Recovery varies, but most people improve within 6–12 months. Consistent exercises and guidance from a therapist can speed up recovery.
2. Can frozen shoulder heal without physical therapy?
In rare cases, it may improve on its own, but without therapy, the process can take years and full mobility may never return. Physical therapy shortens recovery time and prevents complications.
3. Should I do frozen shoulder exercises every day?
Yes, daily gentle stretching and movement are encouraged. Just avoid overdoing it and take rest days if soreness increases.

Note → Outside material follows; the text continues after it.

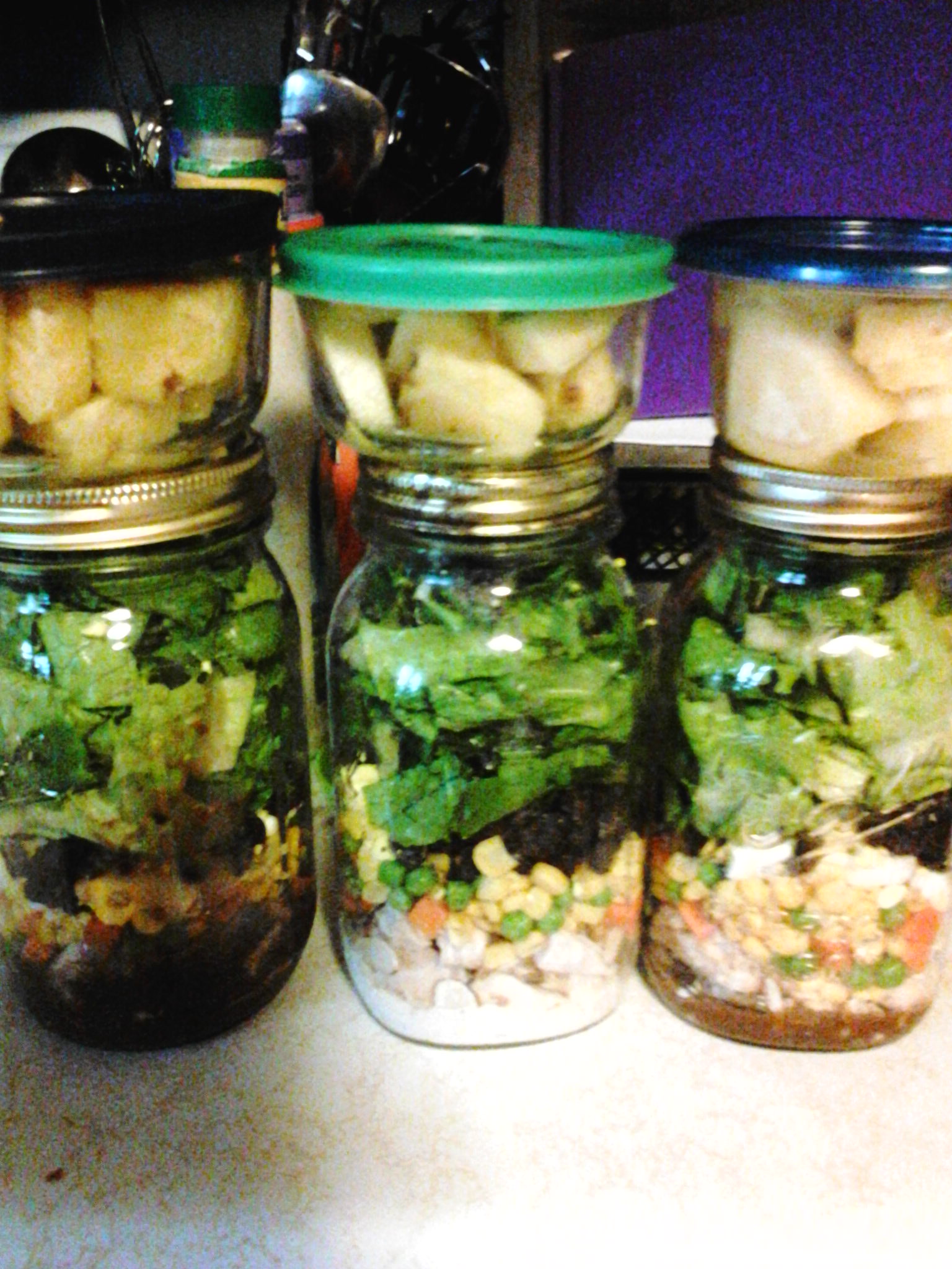 I have been making salads in a jar for lunches and it’s been a big win! I start with my dressing, then protein of chicken & shaved almonds. Then add some Chia seeds, carrots, peas and corn (from the frozen food section!), top it off with some peppers and lettuce. YUM! I was able to make these on Sunday night and because of the layering it stayed nice and fresh. Plus, they are very pretty which makes me happy mid-day!

4. Is massage helpful for frozen shoulder?
Yes, massage can reduce muscle tension and improve circulation. Pairing massage with physical therapy often leads to better results.
5. Can frozen shoulder come back after recovery?
It can, especially in the other shoulder. Keeping your shoulders active and doing occasional stretches can help prevent recurrence.
Final Thoughts
Frozen shoulder can feel like a long and painful journey, but with patience and the right exercises, recovery is very possible. The key is consistency, gentle movement, and listening to your body. These physical therapy exercises can be done at home with little to no equipment and have helped thousands regain comfort and confidence in their shoulder movement.
If you’re dealing with frozen shoulder now, take it one step—and one stretch—at a time. And remember: movement is medicine.